Your goal → Transcribe, exactly and without pictures, the lines below from the line with "One-piece swimsuit with" to the line with "材質:蜜蠟貔貅 / 7A黃水晶 / 黃塔晶 / 貓眼石 / 白水晶 / 黃水晶", both ends included, and no others.

[Stored dataset items]
»»

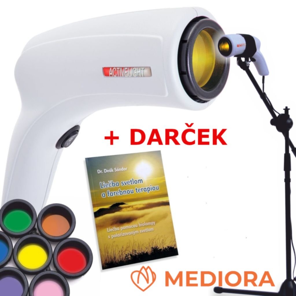 Teraz mimoriadna šanca kúpiť liečebnú lampu ActiveLight spolu s farebnými filtrami a praktickým stojanom za fantastickú cenu. Navyše vám k lampe pribalíme parktickú "kuchárku liečenia biolampou", knihu "Liečba svetlom a farebnou terapiou" od maďarského lekára Dr. Sándora Deáka a ďaľší darček (pulzný oxymeter P-03TFT alebo čelovú lampu) v celkovej hodnote 24€. Liečebná lampa ActiveLight zosobňuje najnovšie poznatky z oblasti liečby polarizovaným svetlom a kolorterapie a napomáha k vyriešeniu mnohých zdravotných ťažkostí.
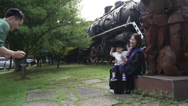 “皇皇者中华,五千年伟大的文明,亘古照耀齐日星……”雄壮辽阔的校歌声中,毕业典礼走向尾声。此前,学校领导先后与各院系毕业生合影留念。
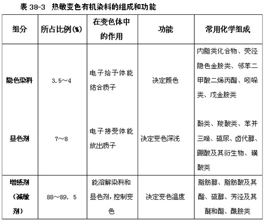 【集萃網(wǎng)觀察】熱敏變色有機(jī)染料是有隱色染料、顯色劑的增干劑(減敏劑)三部分組成,其化學(xué)組成和作用見表38-3:
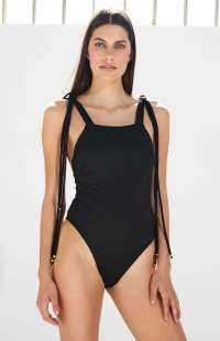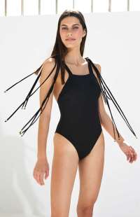 One-piece swimsuit with eight (8) straps on each shoulder, decorated with metallic beads at their end. They are adjustable to the height that anyone desires.
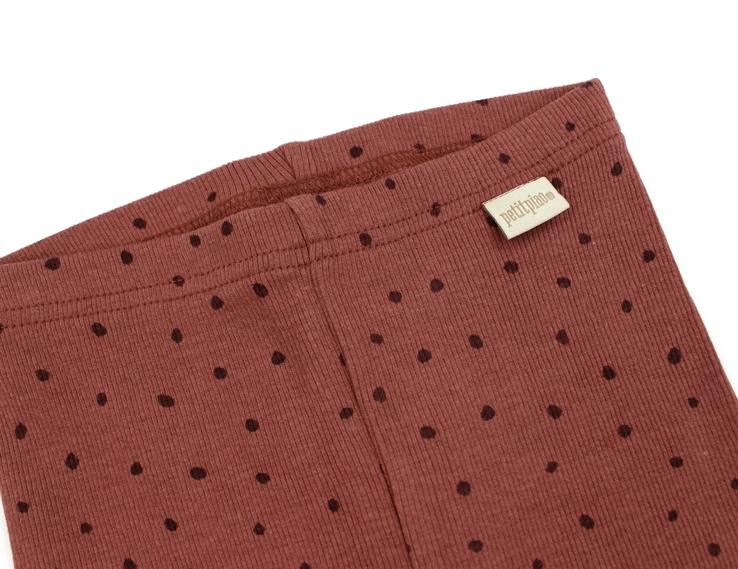 Legging i farven berry dust med mørkerøde prikker fra Petit Piao.
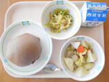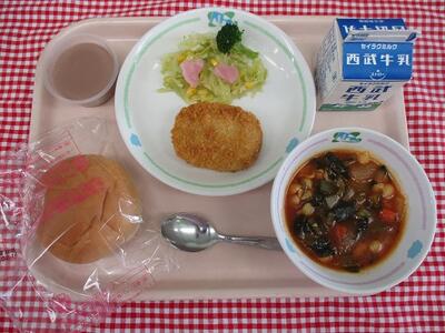 子供パン 牛乳 コロッケ バレンタインサラダ ミネストローネ ココアプリン
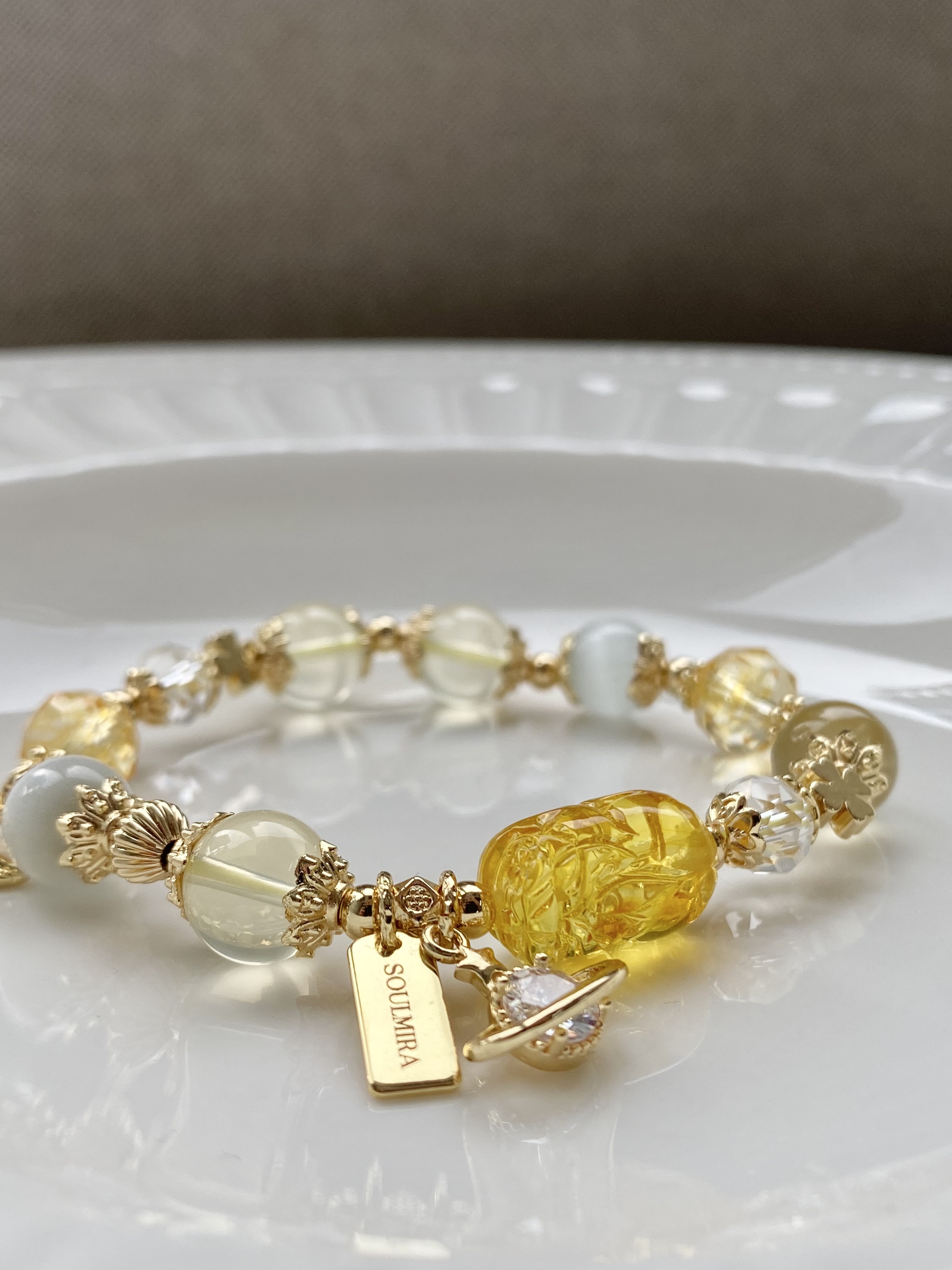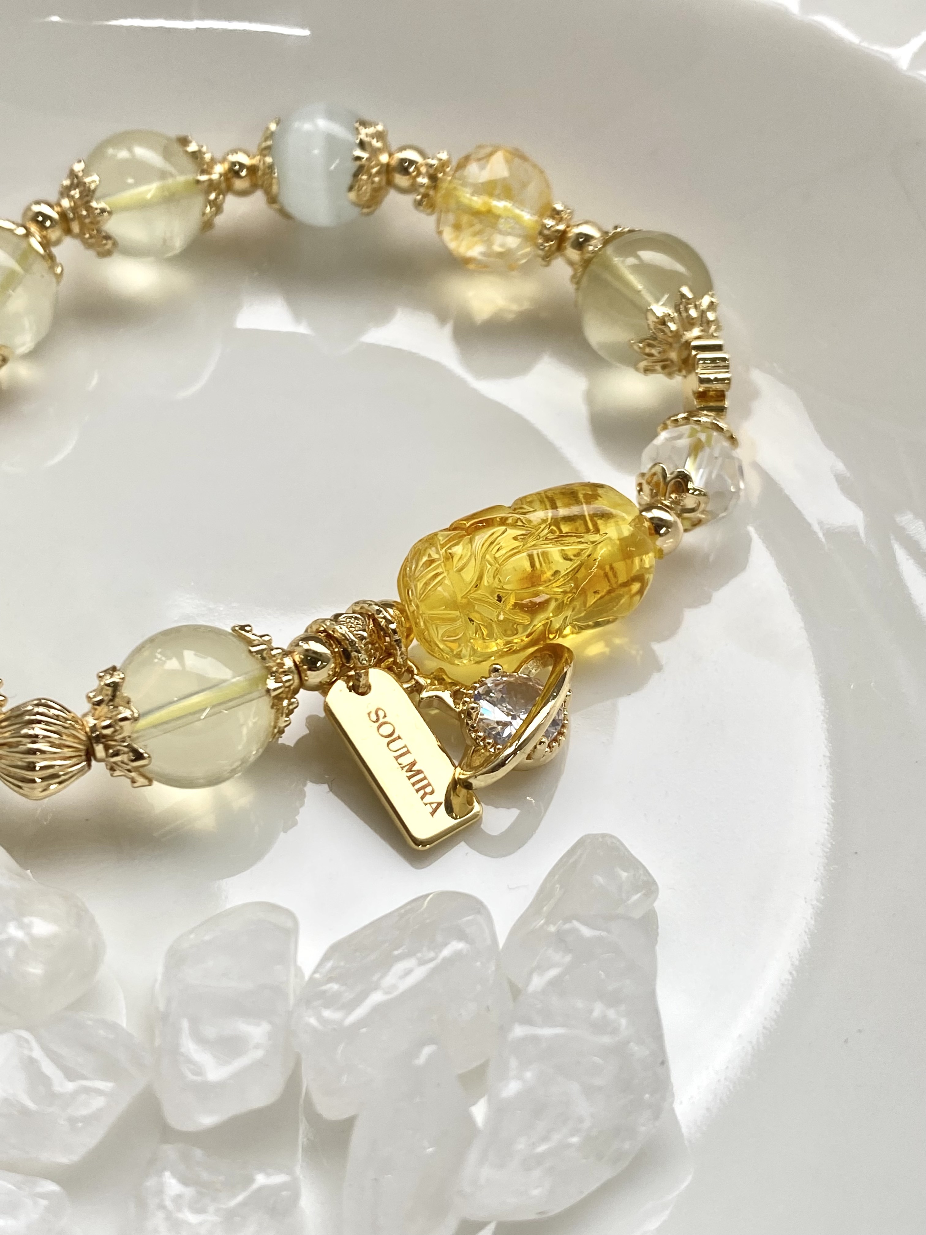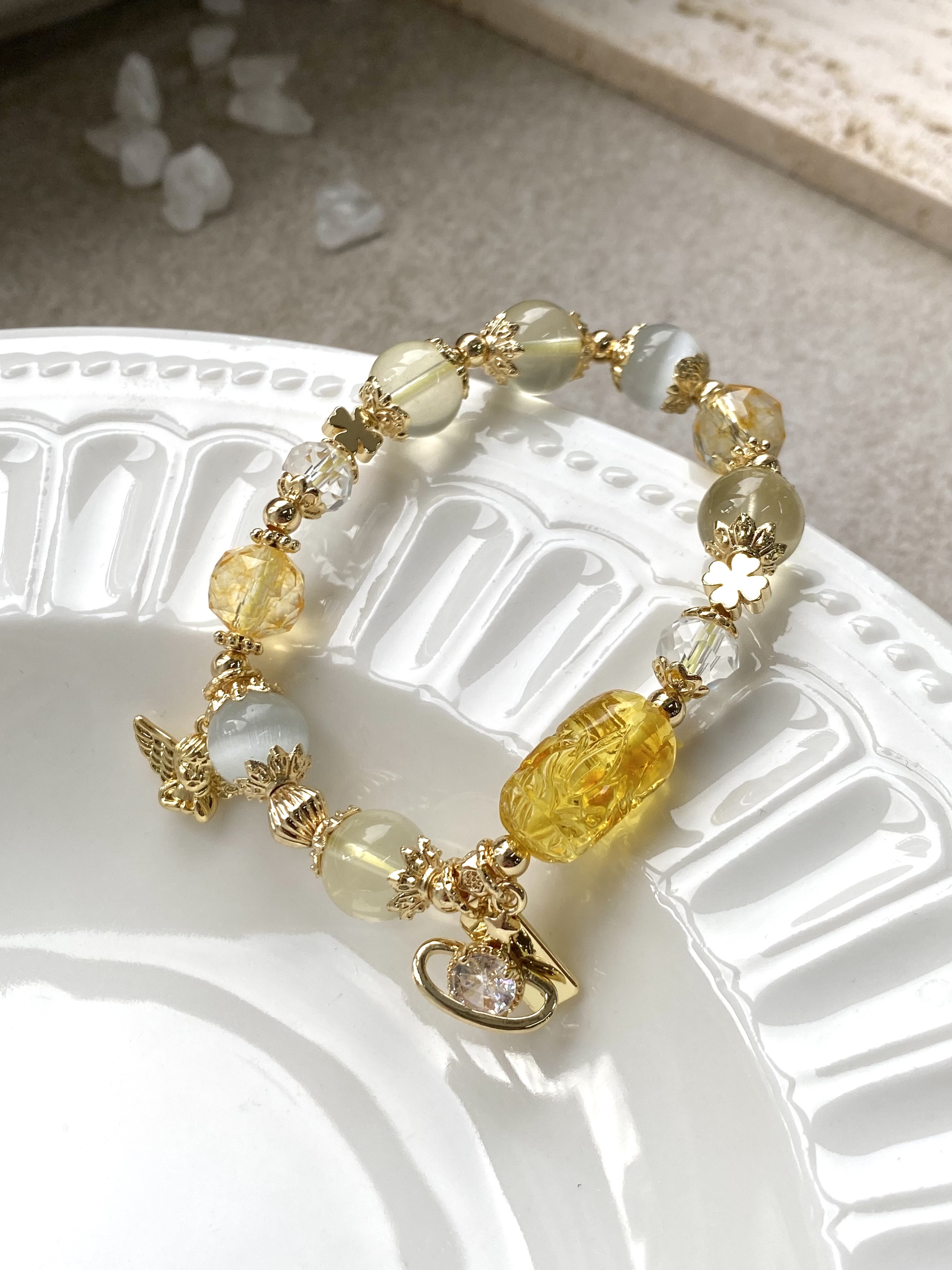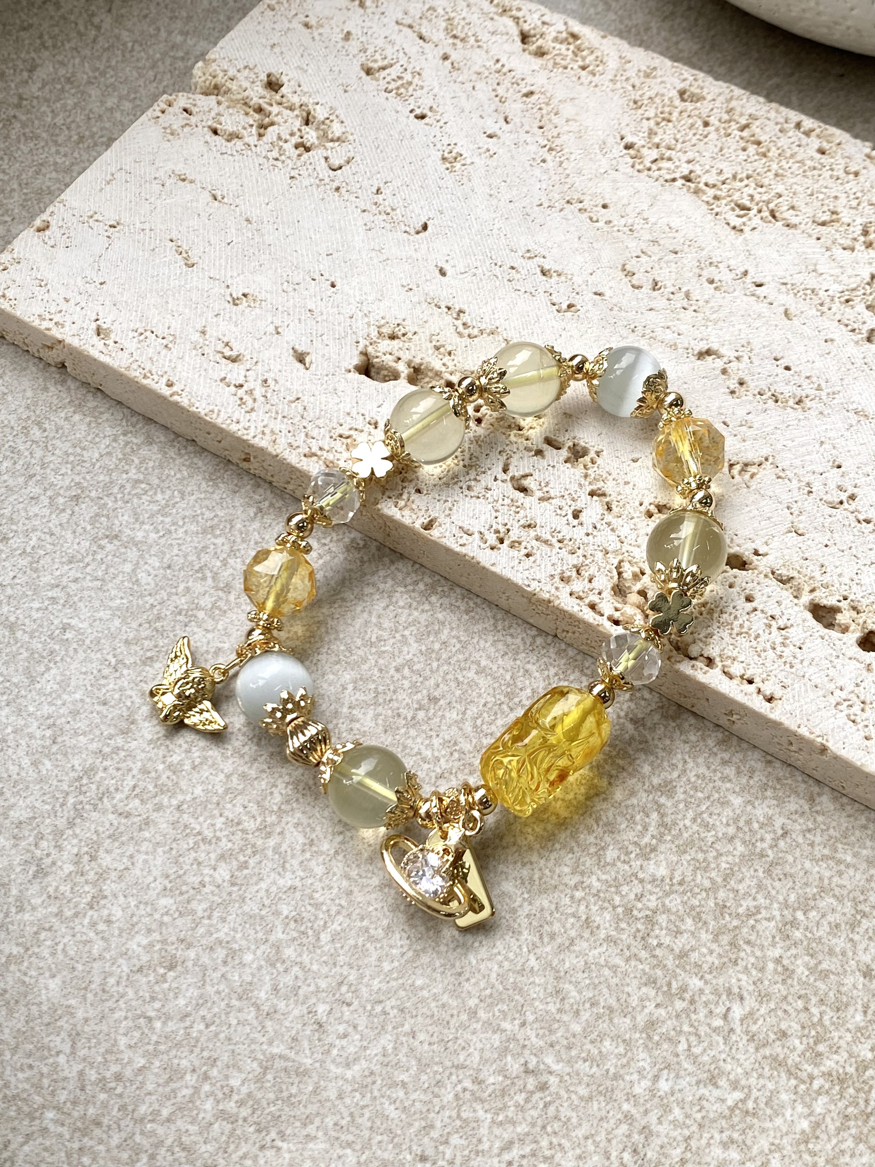 材質:蜜蠟貔貅 / 7A黃水晶 / 黃塔晶 / 貓眼石 / 白水晶 / 黃水晶
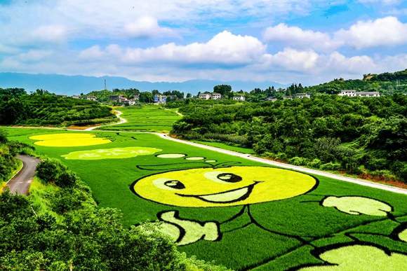 而半月前,這里種植的彩色水稻組成笑臉圖案,以及“中國夢”、“三峽橘鄉(xiāng)田園綜合體”等字樣,與周邊的村莊、山巒、樹木相映成趣,成為“三峽橘鄉(xiāng)”田園綜合體一道靚麗風(fēng)景。

««

Answer space →
 One-piece swimsuit with eight (8) straps on each shoulder, decorated with metallic beads at their end. They are adjustable to the height that anyone desires.
 Legging i farven berry dust med mørkerøde prikker fra Petit Piao.
 子供パン 牛乳 コロッケ バレンタインサラダ ミネストローネ ココアプリン
 材質:蜜蠟貔貅 / 7A黃水晶 / 黃塔晶 / 貓眼石 / 白水晶 / 黃水晶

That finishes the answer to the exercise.